Lab data can be measured using the following performance tracking services.
- WebPageTest – one of the best tools for lab data (in my opinion).
- Pagespeed insights report – a standard tool provided by Google that uses Lighthouse and contains some data from the Chrome UX report.
- Lighthouse – a standard Google Chrome tool.
- GTMetrix – website monitoring tool.
Do note that these performance tracking services have their pros and cons.
- Data can be tracked for separate URLs.
- Page performance on staging websites can be measured to check the difference between website versions (before and after deployments).
- Advice on how to improve performance can be obtained.
- Page groups or data from the entire website cannot be tracked.
- The advice given by different services often contradicts each other or does not affect metrics.
- Estimated numbers can lead to wrong impressions (as shown in the example with optimized and unoptimized rendering).
Field data includes Chrome UX reports and GA events.
Chrome UX reports
Chrome UX reports are based on a free template provided by the Chrome Team and contain data about websites from a Chrome source.

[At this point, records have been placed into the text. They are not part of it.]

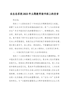在生态系统2023年主题教育读书班上的发言同志们:党的二十大报告总结了十年来生态文明建设的巨大成就,部署了未来五年乃至更长时期的战略任务,将人与自然和谐共生作为中国式现代化的重要特征之一,将尊重自然、顺应自然、保护自然,纳人全面建设社会主义现代化国家的内在要求,集中体现了党中央全面提升生态文明、建设美丽中国的坚定决心和坚强意志,使我们生态环境系统干部倍感光荣和自豪,我们要认真学习、细心领会、狠抓落实。下面围绕读书班学习内容,结合自身工作实际,谈几点心得体会,以供同志们参考。一、中国式现代化离不开人与自然和谐共生党的二十大报告明确了中国式现代化的五个重要特征,即中国式现代化是人口规模巨大的现代化,是全体人民共同富裕的现代化,是物质文明和精神文明相协调的现代化,是人与自然和谐共生的现代化,是走和平发展道路的现代化。人与自然和诺共生是以习近平同志为核心的党中央深刻把握人类社会发展规律,在准确认识人与自然、保护与发展、环境与民生等辩证统一关系基础上所作出的重要论断,与五位一体总体布局相吻合,与全面建成富强民主文明和谐美丽的社会主义现代化强国目标相衔接。生态兴则文明兴,建设人与自然和谐共生的现代化是中国式现代化的必然选择,是以习近平同志为核心的党中央对中国特色社会主义生态文明建设认识的新突破,把促进人与自然和请共生提升到更高层次上推动人类现代化进程的道路选择。二、人与自然和谐共生的高质量发展新格局初步构建党的十八大以来,以习近平同志为核心的党中央牢固树立和践行绿水青山就是金山银山的理念,站在人与自然和谐共生的高度谋划发展,以前所未有的力度抓生态文明建设,全党推动绿色发展的自觉性和主动性显著增强。坚持山水林田湖草沙一体化保护和系统治理,全方位、全地域、全过程加强生态环境保护,实现了一系列历史性变革,解决了许多长期想解决而没有解决的难题,办成了许多过去想办而没有办成的大事,力度之大、措施之实、收效之快前所未有,生态环境保护发生了历史性、转折性、全局性变化,正在走出一条人与自然和诺共生的中国式现代化道路人不负青山,青山定不负人。我国把生态文明建设摆在全局工作的突出位置,走出了一条生产发展生活高裕、生态良好的文明发展道路。十年来,单位GDP二氧化碳排放下降34.4%,以年均3%的能调消费增速支撑了年均6.5%的经济增长。到2020年,我国煤炭占一次能源的比重下降至56.8%,清洁能源占比达24.3%。光伏、凤能装机总量、发电量均居世界首位,新能源汽车销售量约占全球42%,是全球能相强度降低最快的国家之一,基本上扭转了二氧化碳排放快速增长的局面,污染防治攻坚战各项阶段性目标任务全面圆满超额完成,生态环境得到是著改善,正在走出一条人与自然和谐共生的中国式现代化道路我国的天更蓝了、水更清了、地更绿了习近平总书记三次来陕考察,生态环境保护是始终不变的关注重点。总书记强调:**生态环境保护,不仅关系到自身发展质最和可持续发展,而且关系到全国生态环境大局。以功成不必在我的脑怀,把秦岭生态环境保护和修复工作摆上重要位置履行好职责,当好泰岭生态卫士。要深入贯彻绿水青山就是金山银山的理念,把生态治理和发展特色产业有机结合起来,走出一条生态和经济协调发展人与自然和谐共生之路。习近平总书记对**生态环境保护的高度重视和深切关怀,体现了总书记对家乡炽热的民生情怀。作为一名生态环保工作者。自己见证了这十年来美丽**建设走过的非凡历程,始终以强烈的使命担当意识,积极投身三秦大地生态文明建设,深人参与美丽**生动实践。近十年来,在习近平生态文明思想的科学指引下,全市各地市各部门牢记总书记的殷股嘱托,紧盯推动生态环境质量持续好转这一根本要求,攻坚克难、担当作为自觉强化和拓展生态环境保护工作的力度、广度、深度,全市生态环境保护发生历史性、转折性、全局性变化。可以说,过去十年,是**生态环境保护事业发展史上具有里程碑意义的十年,全市对人与自然和谐共生的认识程度之深、污染治理力度之大、制度出台频度之密、执法督察尺度之严、环境改善效果之好前所未有,人民群众的生态环境获得感、幸福感、安全感显著提升,人与自然和谐共生的高质量发展格局初步构建。三、为建设人与自然和谐共生的美丽**不懈奋斗生态环境保护是生态文明建设的主阵地,作为生态环境系统的领导干部,学习党的二十大精神必须走在前、做表率。带著着信念学、带着感情学、带着使命学,在学懂弄通做实上下功夫,为促进人与自然和谐共生而不懈奋斗。当前,我市生态环境质量虽呈现持续好转的良好态势,但产业结构偏重、能源结构偏煤、两高行业占比偏大的格局短期内难以实现根本转变,生态环境保护结构性、根源性、趋势性压力总体上尚未根本缓解,环境质量持续改善的基础仍不牢固,人与自然和谐共生的形势依然严峻。在新征程上,我们要努力推动**加
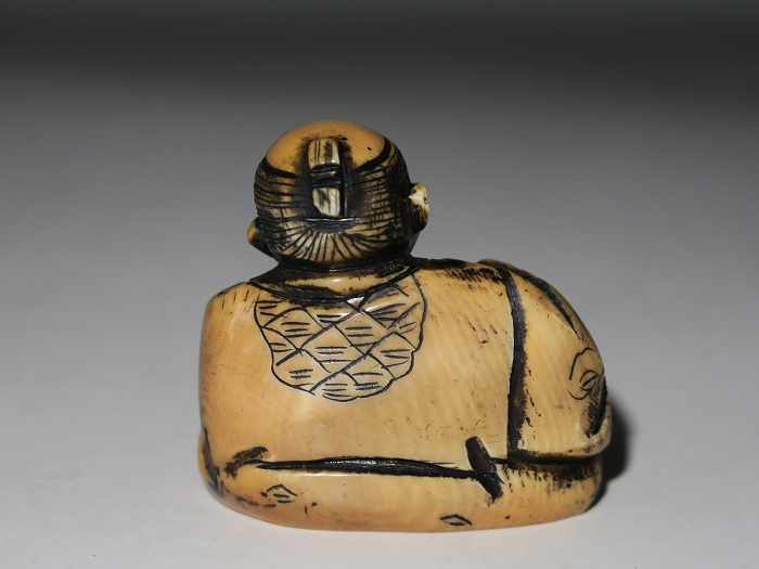 购于银座古玩城,明治时代的塑料仿象牙。没有绳孔,不能叫根付,只能算迷你摆件。日本各地古玩城和雅虎所谓的“象牙根付”,99%都是此类货色。价格合适买一个回去当样品不错,不触摸实物,永远无法分辨真假。
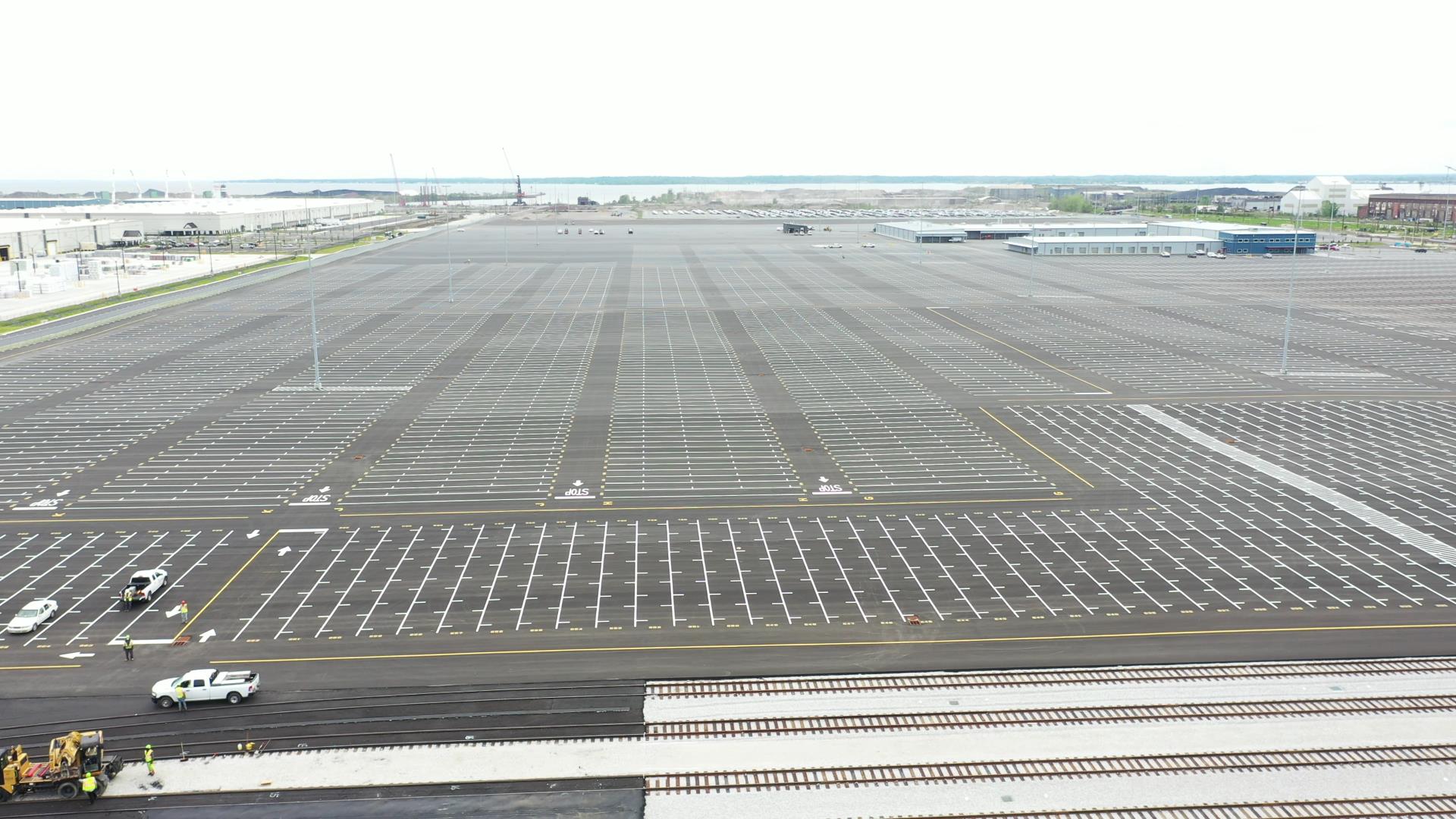 P. Flanigan and Sons, Inc. recently completed the largest HMA paving project in our 135+ year history – the 115 acre Volkswagen Port of Entry Facility at Tradepoint Atlantic. Flanigan produced and placed 108 acres (133,000 tons) of new HMA paving at this facility. The paving spanned a 7 month period, from October, 2019 to May, 2020. There were several days when the dedicated Flanigan paving crew placed over 2,200 tons in a shift.

This CrUX report is an example of a Chrome UX report.
- Access real user data on metrics that can be measured in the field.
- Both historical and current data can be viewed.
- Separate URL data or page groups can’t be tracked (only origin and domain).
- Only monthly data is provided.
- Reports are updated only on the second Tuesday of the month.
Core Web Vitals events (web-vitals library) are events that use the browser API and send events to Google Analytics (or other sources).
- Separate URL data, some page groups, or entire websites can be tracked.
- Data can be obtained for different periods, such as monthly, weekly, or hourly.
- With some modifications, reports can be used to create dashboards by period, device, etc.
- Reports can be used to segment and analyze events based on performance.
- Development or GTM implementation is needed.
- A lot of events are sent to GA, so it's not recommended to send data on all metrics.
- Default events show mainly average values, so they aren’t very informative.
To learn about our solution for monitoring Core Web Vitals using GA and GTM, check out our article “Core Web Vitals Report in GA4 and Looker Studio”.
In a nutshell, website load speed is an important factor that influences the user experience. It can also impact a website's search engine ranking. To improve user experience, it is crucial to monitor Core Web Vitals and other metrics. It is just as important to consider the difference between lab data and field data – the goal is to accurately assess website performance as experienced by users.